Look below for the line with "Baraut (11 km)". Retype it and every line after it to the end, exactly, but leave out the pictures.

(Input data begins)

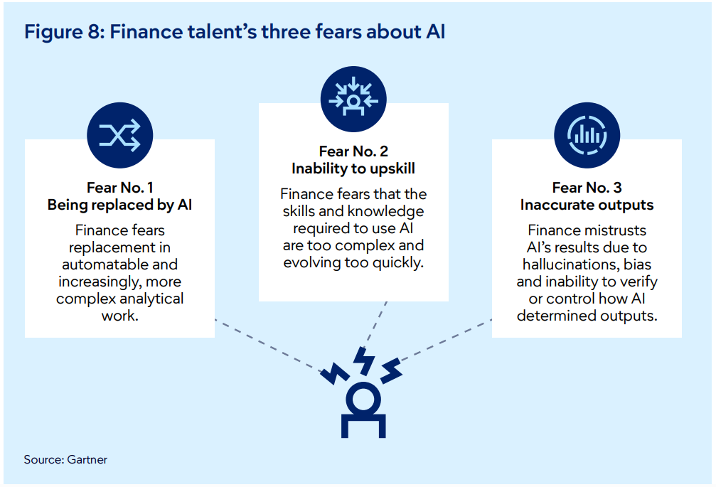 Figure 8 in Gartner's Finance 2030 report clearly shows why. Finance teams carry three specific fears about AI: being replaced, inability to upskill, and inaccurate outputs, each of which makes unquantified proposals harder to approve and easier to reject.
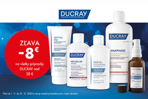 Zľava 8€ pri nákupe produktov DUCRAY nad 28€. Neplatí na už zlacnené produkty. Platí do 31.12.2025
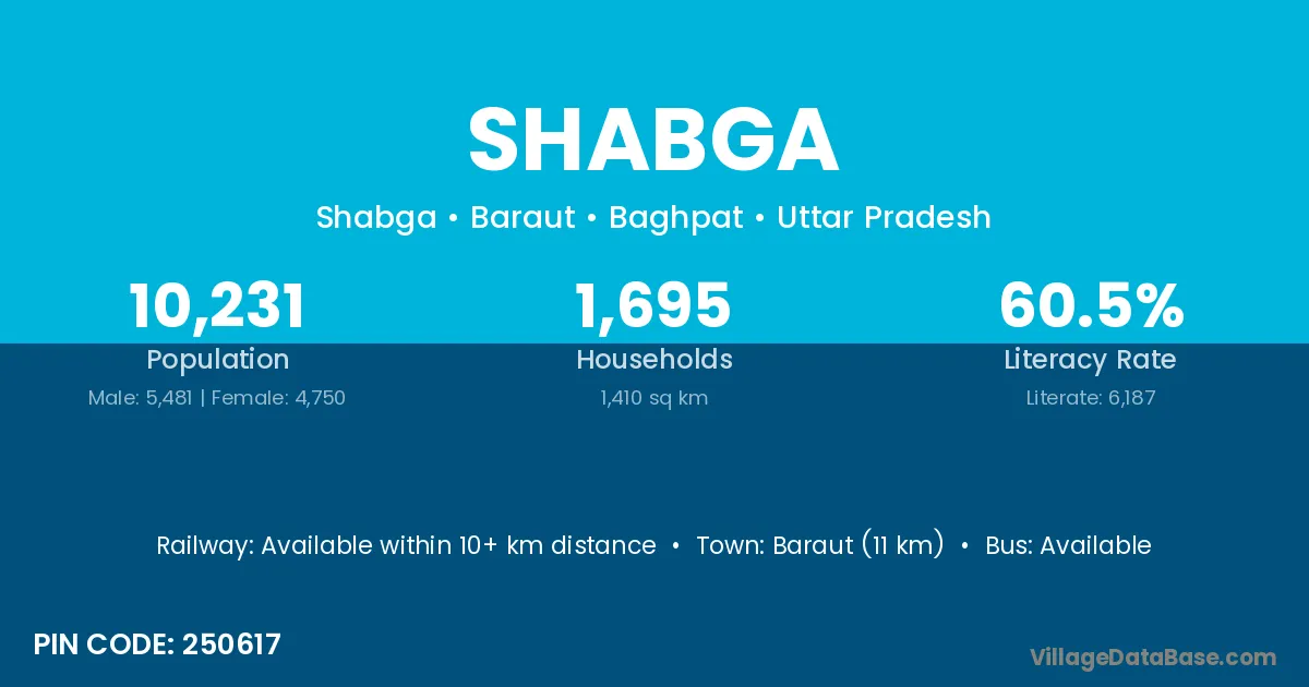 Baraut (11 km) is the nearest town to Shabga village for major economic activities and is located approximately 11 km away.
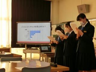 今月の生徒集会は保健委員会の担当。保健委員会が行ったアンケート「中学生の悩みとその解消」についての発表を行いました。

(Input data ends)

- Response area
 Baraut (11 km) is the nearest town to Shabga village for major economic activities and is located approximately 11 km away.
 今月の生徒集会は保健委員会の担当。保健委員会が行ったアンケート「中学生の悩みとその解消」についての発表を行いました。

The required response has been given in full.